Bir süre bozuk asfaltı olmayan toprak bir yolda gidiyorum. Bu yükle silik lastikler beni yolda zor tutuyor. Tam lastikleri değiştirmeyi düşünürken asfaltı görüyorum. Çevreyi dikkatlice inceliyorum. İç Anadolu bölgesine benziyor. Tarlada çalışan halk beni görünce işi gücünü bırakıp beni seyretmeye başlıyor. Çocuklar yol kenarına koşuyor ama seslerini çıkartmadan beni seyrediyorlar. Hello hello, deyip bir taraflarını yırtmıyorlar. Arkamdaki Türk bayrağını görünce de kafaları ile selam veriyorlar. Soluklanmak için oradaki çardaklardan birinde duruyorum.

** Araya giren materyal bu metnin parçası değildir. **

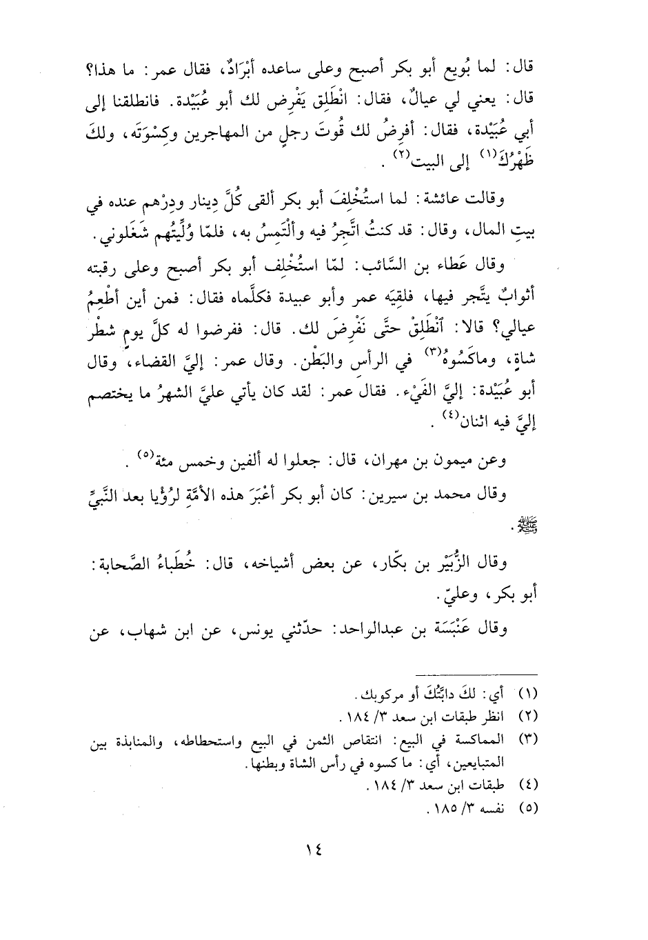 قال: لما بويع أبو بكر أصبح وعلى ساعده أبراد، فقال عمر: ما هذا؟ قال: يعني لي عيال، فقال: انطلق يفرض لك أبو عبيدة. فانطلقنا إلى أبي عبيدة، فقال: أفرض لك قوت رجل من المهاجرين وكسوته، ولك ظهرك إلى البيت.

Vale köyünün tabelasını görünce mutlu oldum. Bundan tam 4 ay önce bu köy ile başlamıştım bu rotayı çizmeye ve şimdi oradayım. Tabelanın hemen önünde bisikletimin bir pozunu aldım. Keşke beni de çeken biri olsaydı fakat etrafta kimse yoktu. Köy sanki bir harpten çıkmış gibiydi yıkık dökük bir yerdi ama yaşayanlar vardı. Tam bu sırada karşıdan çok hızlı bir şekilde gelen bir polis arabası gördüm, beni görünce yavaşladı. Ben yanından geçtim gittim. Arkamdan bir U dönüşü yapıp benim önüme geçip durdu. Bir erkek ve bir bayan polis araçtan aşağıya indi. Önce Gürcüce konuştular, anlamadığımı söyledim el kol hareketleri ile bir şeyler anlattılar anlamadım. İngilizce bilip bilmediklerini sordum. İkisi de bilmiyordu. Telefonla İngilizce bilen bir memur arandı sonra telefon bana verildi. Telefonda konuştuğum memur Gürcistan boyunca polis eskortu eşliğinde bisiklete bineceğimi söyledi. Ahiska’da mola vermem gerektiğini dile getirdim. Türkiye’den bana eşlik edecek bir yol arkadaşı geliyordu. Hem onun haberini aldım hem de pekmezin etkisi geçmeye başlamıştı. Telefonu memurlara verdim gerekli konuşmalar yapıldı ve onları takip etmem söylendi.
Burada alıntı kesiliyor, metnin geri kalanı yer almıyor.